On a beaucoup dit que ses débuts avaient choqué. C'était 1981, Cour Carrée, pieds nus et noir profond, tissus patinés comme si la vie les avait déjà traversés. L'époque n'était pas prête ; on parlait de « déconstruction » quand lui cherchait simplement l'humanité du vêtement. Aujourd'hui, nous avons la distance nécessaire pour comprendre : Yamamoto a installé dans la mode l'idée essentielle que l'imperfection peut être la plus haute forme de justesse.
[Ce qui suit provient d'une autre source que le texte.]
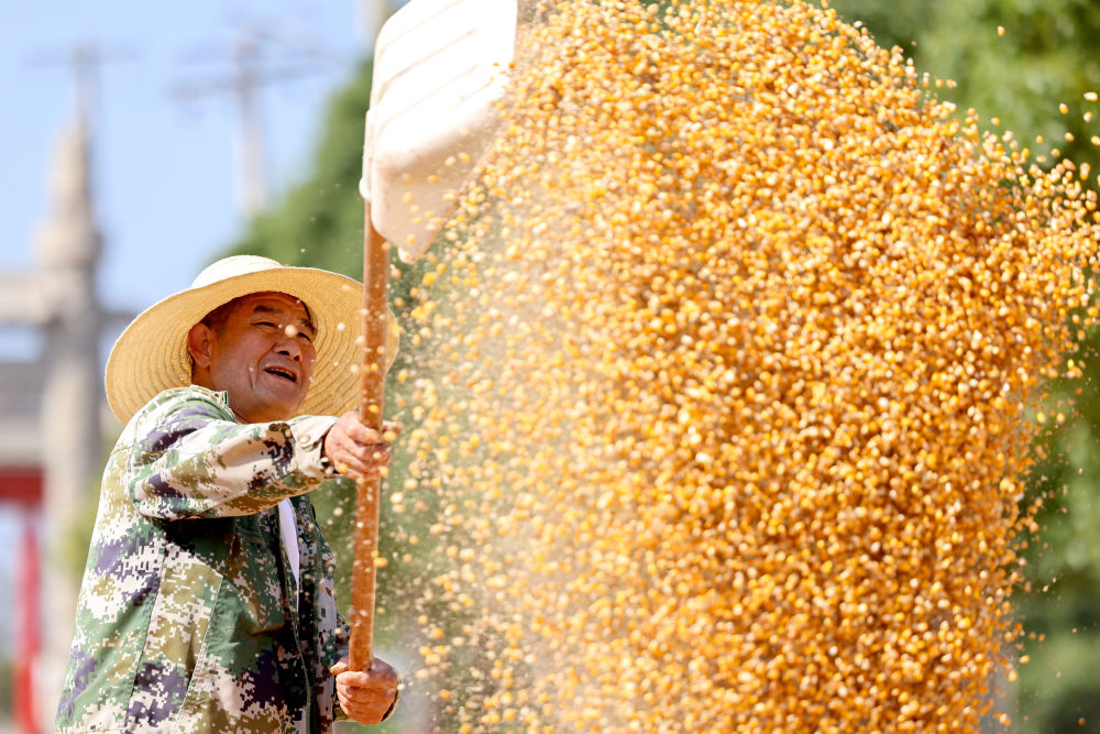 10月16日,山東省棗莊市孟莊鎮(zhèn)劉嶺村農(nóng)民揚(yáng)曬收獲的玉米。新華社發(fā)(孫中喆 攝)
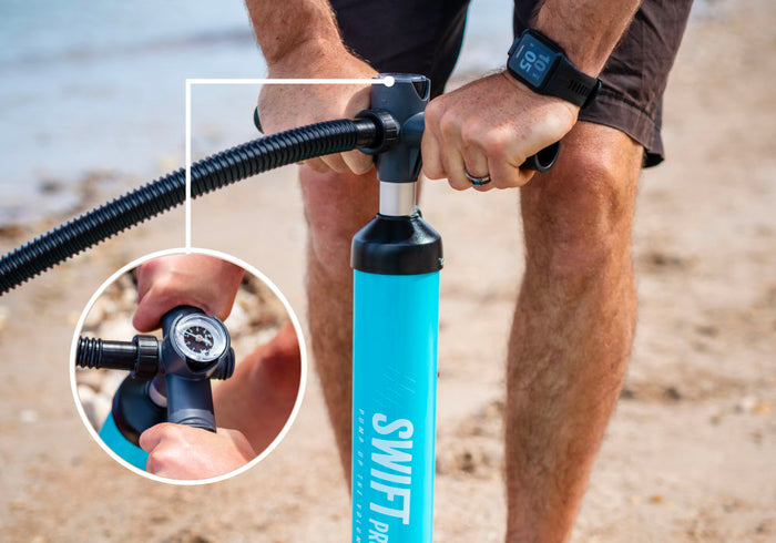 Engineered for ultimate convenience and efficiency, this pump inflates your SUP with every up and down motion, doubling the speed at which you can prepare for your aquatic adventures. Additionally, our pump features a built-in pressure gauge, ensuring you achieve the perfect inflation level for optimal performance.

Le wabi‑sabi n'est pas un effet, c'est une éthique.

Son noir n'est jamais plat. Il voyage du crêpe au gabardine, de la laine froide au satin mat, ménageant des écarts de densité qui sculptent l'espace. Les vestes décalent leur pan, les jupes dévalent la jambe en cascade, les épaules glissent à demi. La coupe vise la liberté, pas l'ornière. On devine la main du tailleur : pinces déplacées, volumes retenus au bon endroit, précision du tombé. Rien de démonstratif, tout d'obsessionnel.
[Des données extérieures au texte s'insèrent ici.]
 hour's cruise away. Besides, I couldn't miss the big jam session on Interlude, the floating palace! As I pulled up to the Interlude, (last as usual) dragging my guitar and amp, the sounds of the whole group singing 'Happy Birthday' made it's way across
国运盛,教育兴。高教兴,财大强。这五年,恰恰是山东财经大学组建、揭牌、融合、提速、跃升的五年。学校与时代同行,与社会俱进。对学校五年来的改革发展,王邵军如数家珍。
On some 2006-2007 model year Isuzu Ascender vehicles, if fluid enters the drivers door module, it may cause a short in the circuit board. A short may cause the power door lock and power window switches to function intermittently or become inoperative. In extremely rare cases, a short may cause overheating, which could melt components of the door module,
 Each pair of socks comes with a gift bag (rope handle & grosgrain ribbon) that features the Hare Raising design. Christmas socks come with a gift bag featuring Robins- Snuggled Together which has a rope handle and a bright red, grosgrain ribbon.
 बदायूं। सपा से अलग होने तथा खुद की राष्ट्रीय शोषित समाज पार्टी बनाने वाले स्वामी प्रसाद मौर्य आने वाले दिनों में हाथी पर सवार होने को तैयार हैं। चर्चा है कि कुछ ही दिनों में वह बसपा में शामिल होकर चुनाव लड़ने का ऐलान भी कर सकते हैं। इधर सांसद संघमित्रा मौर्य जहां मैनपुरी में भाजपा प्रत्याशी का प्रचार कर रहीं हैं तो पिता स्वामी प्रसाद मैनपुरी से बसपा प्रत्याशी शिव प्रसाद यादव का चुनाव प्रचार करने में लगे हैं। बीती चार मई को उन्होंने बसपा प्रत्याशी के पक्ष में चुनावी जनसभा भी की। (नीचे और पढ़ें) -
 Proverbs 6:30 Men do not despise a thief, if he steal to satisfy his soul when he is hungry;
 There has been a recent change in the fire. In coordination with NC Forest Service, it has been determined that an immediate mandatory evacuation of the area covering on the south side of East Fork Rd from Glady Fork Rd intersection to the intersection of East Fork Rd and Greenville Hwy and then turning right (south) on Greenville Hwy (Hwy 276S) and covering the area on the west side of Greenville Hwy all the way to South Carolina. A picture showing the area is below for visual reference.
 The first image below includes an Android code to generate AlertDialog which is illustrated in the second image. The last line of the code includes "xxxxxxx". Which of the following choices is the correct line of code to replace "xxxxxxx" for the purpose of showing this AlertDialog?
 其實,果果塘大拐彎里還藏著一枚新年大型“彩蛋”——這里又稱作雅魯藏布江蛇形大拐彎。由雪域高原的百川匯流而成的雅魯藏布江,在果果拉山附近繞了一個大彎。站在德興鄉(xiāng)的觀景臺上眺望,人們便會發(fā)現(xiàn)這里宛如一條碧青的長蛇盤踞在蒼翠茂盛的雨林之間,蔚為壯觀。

Il y a, bien sûr, l'histoire personnelle : une mère couturière, la discipline des arts martiaux, la musique qui accompagne les shows, les dessins au fusain. Cette constellation intime ne sert pas d'alibi. Elle nourrit une constance : travailler. Essayer encore. Refaire une manche pendant deux heures parce que la ligne n'est pas assez silencieuse. Accepter que la pièce vive - qu'un fil pende, qu'un bord reste franc - pour mieux capter le souffle de celle qui la porte.

Yamamoto ne collectionne pas les archives, il collectionne les instants de vérité. Qu'on se souvienne de ses noces contrariées de 1999, vêtir et dévêtir comme un poème sur la vulnérabilité, ou de ces muses venues d'autres disciplines, danseurs, photographes, poètes, qui défilent parce qu'ils reconnaissent en lui un pair. Sa fille, Limi Feu, ajoute aujourd'hui sa voix au chœur, preuve que son langage se transmet sans s'édulcorer.

Ce qui touche, au fond, c'est cette morale du vêtement : résister à la médiocrité. Refuser l'ornement pour l'ornement. Chercher la noblesse du geste plus que la brillance du moment. La mode passe, l'allure reste ; chez Yohji, l'allure marche à pas feutrés, mais elle dure.


Le regard La Marelle : comment apprivoiser Yohji
  • Chercher la coupe avant le logo. Privilégiez les vestes en laine froide, les manteaux en gabardine de laine, les jupes asymétriques en crêpe. La matière doit avoir du ressort et une main sèche.

  • Composer le noir par strates. Superposez les intensités : noir mat + noir satiné + transparence légère. Le monochrome devient relief.

  • Allonger la silhouette. Portez un long manteau fluide sur un pantalon ample taille haute. Laissez l'ourlet frôler le cou‑de‑pied. Chaussures basses, semelle fine.

  • Oser l'asymétrie. Une jupe qui dévale d'un côté suffit à dynamiser une blouse sage. L'équilibre naît du déséquilibre maîtrisé.

  • Entretenir la vie du tissu. Suspendez les pièces après port, brosse douce sur laine, vapeur légère plutôt que repassage à plat pour préserver le tombé.

  • Seconde main avisée. Surveillez la tenue des coutures, la propreté des ourlets francs, et l'élasticité des tailles coulissées. Les modèles 1990‑2000 sont d'une coupe exemplaire et vieillissent magnifiquement.


Chez La Marelle, nous aimons ces vêtements qui n'éblouissent pas d'un coup mais gagnent le cœur à la lumière des jours. Un manteau Yohji se porte comme on porte une pensée : il protège, il affirme, il laisse respirer. À qui sait l'écouter, son noir n'a rien de funèbre ; il est la couleur la plus généreuse, celle qui accueille toutes les nuances d'une femme.